Don't swim past 'Rumble Fish' at video store
By JOHN CRAWFORD
Scene Movie Critic
Francis Ford Coppola hasn't been the same since the making of "Apocalypse Now."
Sure, the director of classics such as "The Godfather" trilogy and "The Conversation" has made other films since the 1979 war epic, but he's lost his stature as one of America's premiere filmmakers. Perhaps the many problems associated with the long production of "Apocalypse" — a flirtation with bankruptcy, a typhoon that wiped out the film's sets, the heart attack of leading-man Martin Sheen — took too much of a toll on the Oscar-winning director. Coppola himself has said that the man who made "The Godfather" died in the jungles of the Philippines while making the war film.
Since that production, one failed or overblown effort has followed another for Coppola. Nowadays, he's reduced to being a gun for hire, directing such uninspired studio fare as "Jack" and "The Rainmaker."
However, one of Coppola's post-"Apocalypse" films, 1983's "Rumble Fish," has been undeservedly overlooked. Featuring a strong ensemble cast of young actors, many of whom went on to become stars, it's an original and intelligent film about gangs and two brothers dealing with their memories of the past and a future rushing towards them.
One of two adaptations of novels by juvenile writer S.E. Hinton directed by Coppola, the other being 1983's "The Outsiders" (the director actually shot the two films back to back), "Rumble Fish" stars Matt Dillon and Mickey Rourke as the story's two brothers. Dillon plays Rusty James, who longs for the old days when gangs were kings, when rumbles were fought on battlefields full of glory. Rourke plays his older brother Motorcycle Boy, a street hero who used to lead the gangs but now wonders where he was leading them to. He is the Pied Piper without a purpose.

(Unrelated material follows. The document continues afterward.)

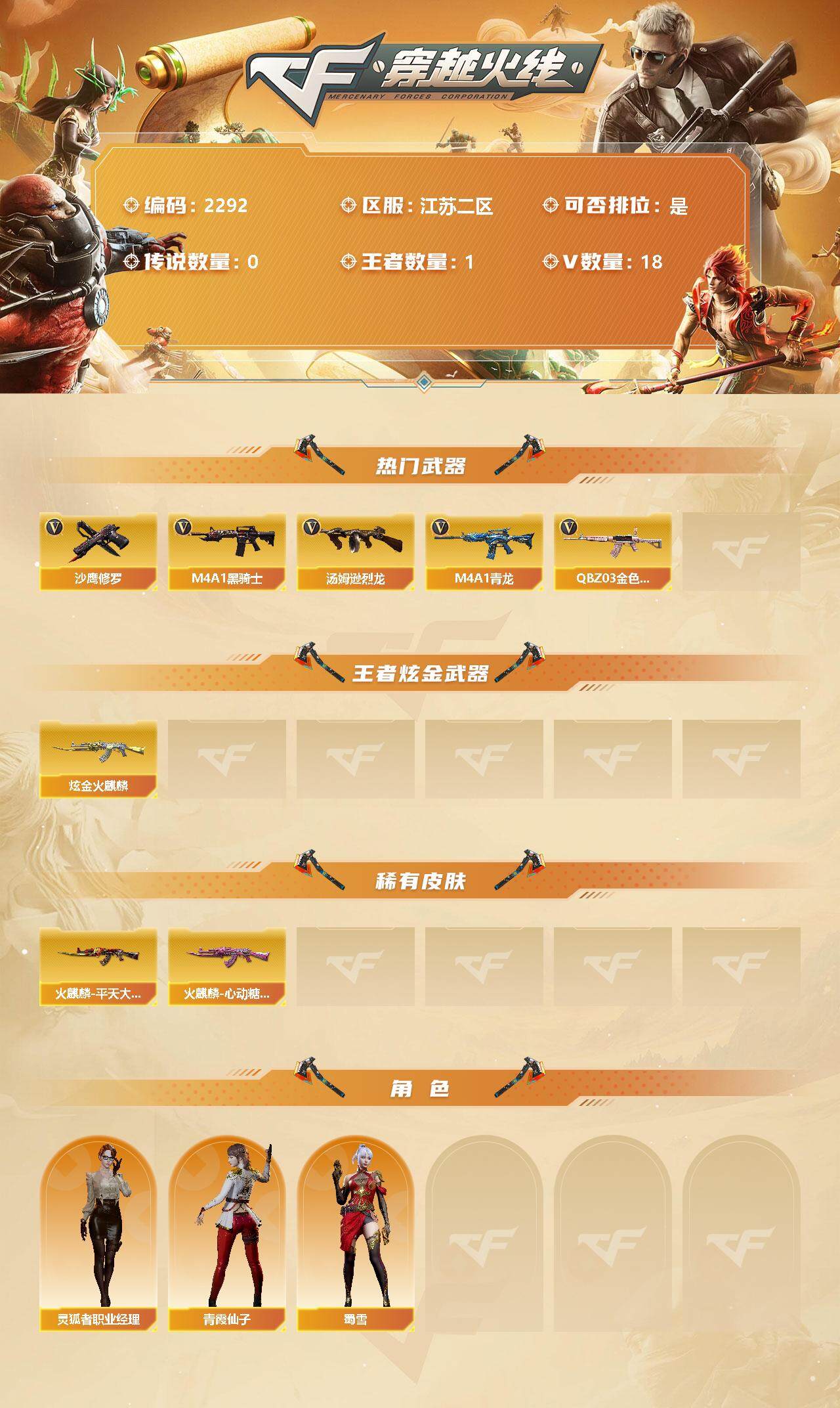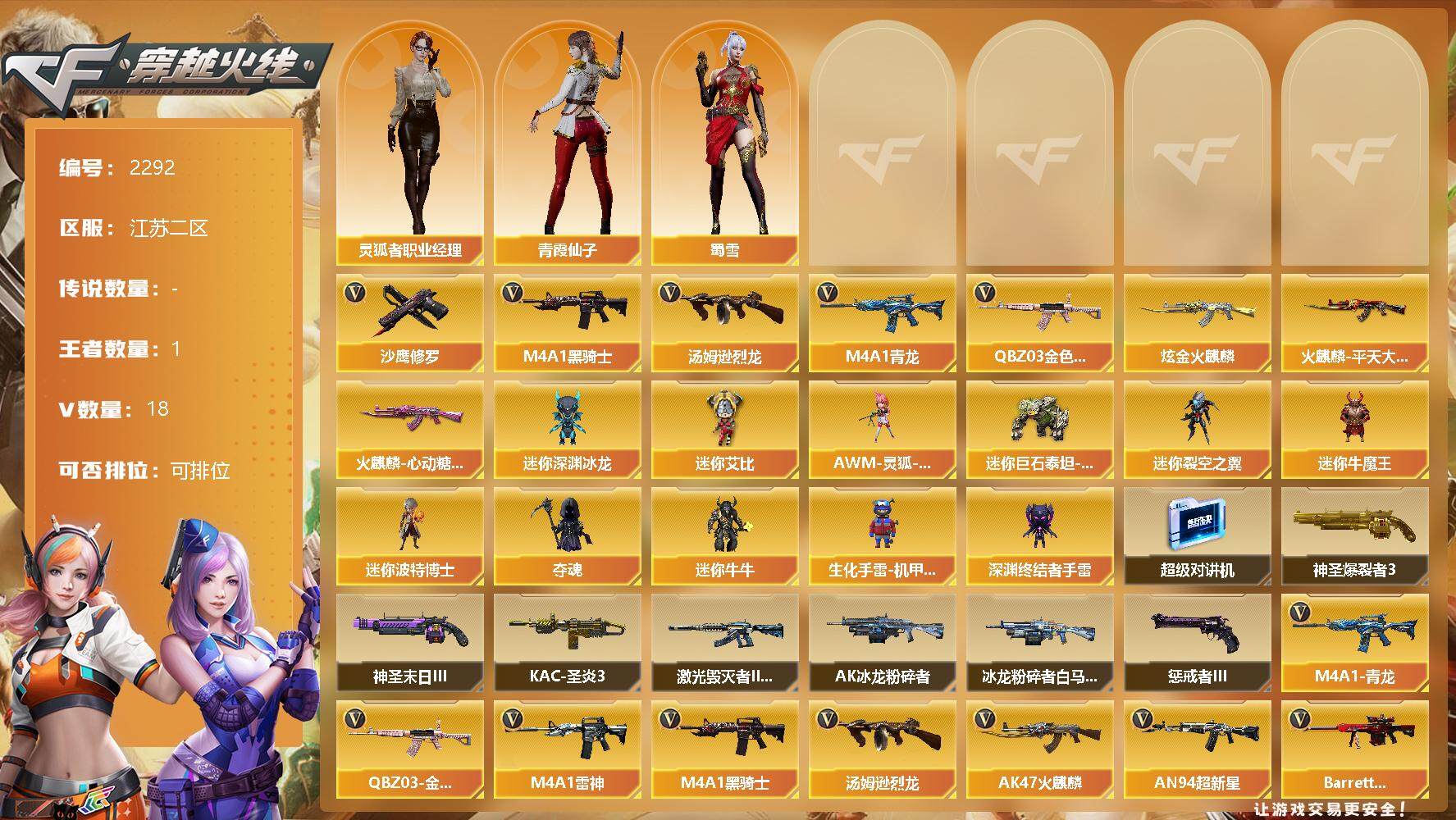 [12955909]江苏二区-18V-1王者-1炫金 【热门武器】:QBZ03-金色蔷薇,M4A1-青龙,M4A1-黑骑士,汤姆逊-烈龙,沙鹰-修罗 【王者炫金武器】:炫金火麒麟 【稀有皮肤】:火麒麟-平天大圣*2,火麒麟-心动糖果 【角色】:灵狐者-职业经理,蜀雪,青霞仙子 【人偶武器】:AWM-灵狐-15周年嘉年华,迷你深渊冰龙*3,迷你艾比,迷你巨石泰坦-魔花研究所,迷你裂空之翼,迷你牛魔王,迷你波特博士,夺魂,迷你牛牛,生化手雷-机甲核心,深渊终结者手雷*3 【暴走生化】:超级对讲机 【挑战大师】:神圣爆裂者III,神圣爆裂者-末日III,KAC-圣炎切割者III,惩戒者III,激光毁灭者III-白马银枪,AK47-冰龙粉碎者,冰龙粉碎者-白马银枪 【英雄级武器】:QBZ03-金色蔷薇,M4A1-青龙,无影-神兵利器,M4A1-雷神,M4A1-黑骑士,汤姆逊-烈龙,AK47-火麒麟,AN94-超新星,Barrett-极光,黑武士-锦绣游龙,黑骑士-海王*2,AK-47-猩红传说,沙鹰-修罗,麒麟刺,擎天,龙啸 【特殊枪械】:1黑骑士,1烈龙

The brothers roam a world that is both fantastic and fatally realistic. Shot in black and white, the film depicts a nowhere-place where steam swirls over the street as if the town is asleep in a dream and where violence erupts in back alleys and under bridges. It's a world where poetry meets blood and broken glass,
It's also a film obsessed with time. Numerous shots are full of clocks; ticking timepieces hum in the background for much of the movie. The soundtrack, composed by The Police drummer Stewart Copeland, pulses with cymbals and drums that count off the seconds. Coppola films passing clouds and creeping shadows to show the passing of days and how the youth of the characters is slowly but steadily passing away.
"Time is a funny thing," mumbles singer Tom Waits, playing the bartender at the pool parlor where many characters fumble away their days picking fights and shooting endless games of stick.
Besides Waits, the film features a strong supporting cast including Nicholas Cage, Laurence Fishburne (who is so young he is referred to as "Larry" in the closing credits), Diane Lane and Dennis Hopper, who surprisingly turns down the volume on his crazy and manic nature and gives a sweet, understated performance as the brothers' alcoholic father.
With such solid actors and its depiction of a brutal yet surreal world, "Rumble Fish" is a movie that, while certainly not up to Coppola masterworks like parts 1 and 2 of "The Godfather," deserves a second look.